Once you find the line with "みなかみ町の旧新治村、旧三国" in the listing below, set down exactly every line from it through the line with "SKINTIFIC OFFICIAL STORE", but no pictures.

-- MATERIALS PROVIDED follows --

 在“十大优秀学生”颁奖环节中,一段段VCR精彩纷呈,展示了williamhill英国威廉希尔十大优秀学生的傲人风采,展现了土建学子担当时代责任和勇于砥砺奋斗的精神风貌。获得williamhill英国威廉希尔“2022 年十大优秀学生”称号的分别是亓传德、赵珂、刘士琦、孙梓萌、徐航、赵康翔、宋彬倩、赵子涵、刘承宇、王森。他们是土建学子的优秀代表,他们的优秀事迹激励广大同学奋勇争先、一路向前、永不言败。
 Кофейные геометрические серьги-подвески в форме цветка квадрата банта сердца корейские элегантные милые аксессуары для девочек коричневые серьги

-- MATERIALS PROVIDED concluded --
-- MATERIALS PROVIDED follows --

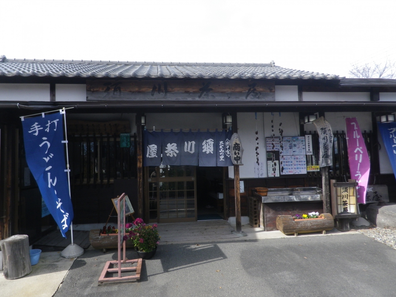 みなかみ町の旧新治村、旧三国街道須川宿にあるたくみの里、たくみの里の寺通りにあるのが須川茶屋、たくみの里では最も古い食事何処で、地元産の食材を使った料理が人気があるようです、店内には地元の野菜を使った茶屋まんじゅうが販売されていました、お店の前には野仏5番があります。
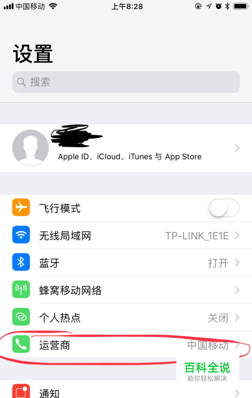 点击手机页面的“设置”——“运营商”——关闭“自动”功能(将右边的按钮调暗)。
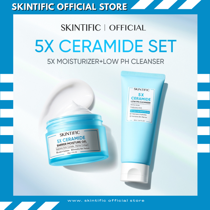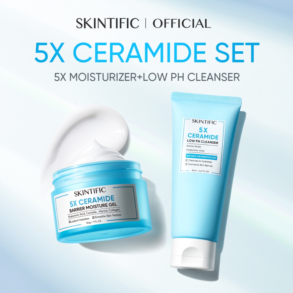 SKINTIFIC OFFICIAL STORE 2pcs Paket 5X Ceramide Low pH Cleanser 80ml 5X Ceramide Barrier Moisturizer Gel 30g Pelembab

-- MATERIALS PROVIDED concluded --

• _EXERCISE SOLUTION_
 みなかみ町の旧新治村、旧三国街道須川宿にあるたくみの里、たくみの里の寺通りにあるのが須川茶屋、たくみの里では最も古い食事何処で、地元産の食材を使った料理が人気があるようです、店内には地元の野菜を使った茶屋まんじゅうが販売されていました、お店の前には野仏5番があります。
 点击手机页面的“设置”——“运营商”——关闭“自动”功能(将右边的按钮调暗)。
 SKINTIFIC OFFICIAL STORE 2pcs Paket 5X Ceramide Low pH Cleanser 80ml 5X Ceramide Barrier Moisturizer Gel 30g Pelembab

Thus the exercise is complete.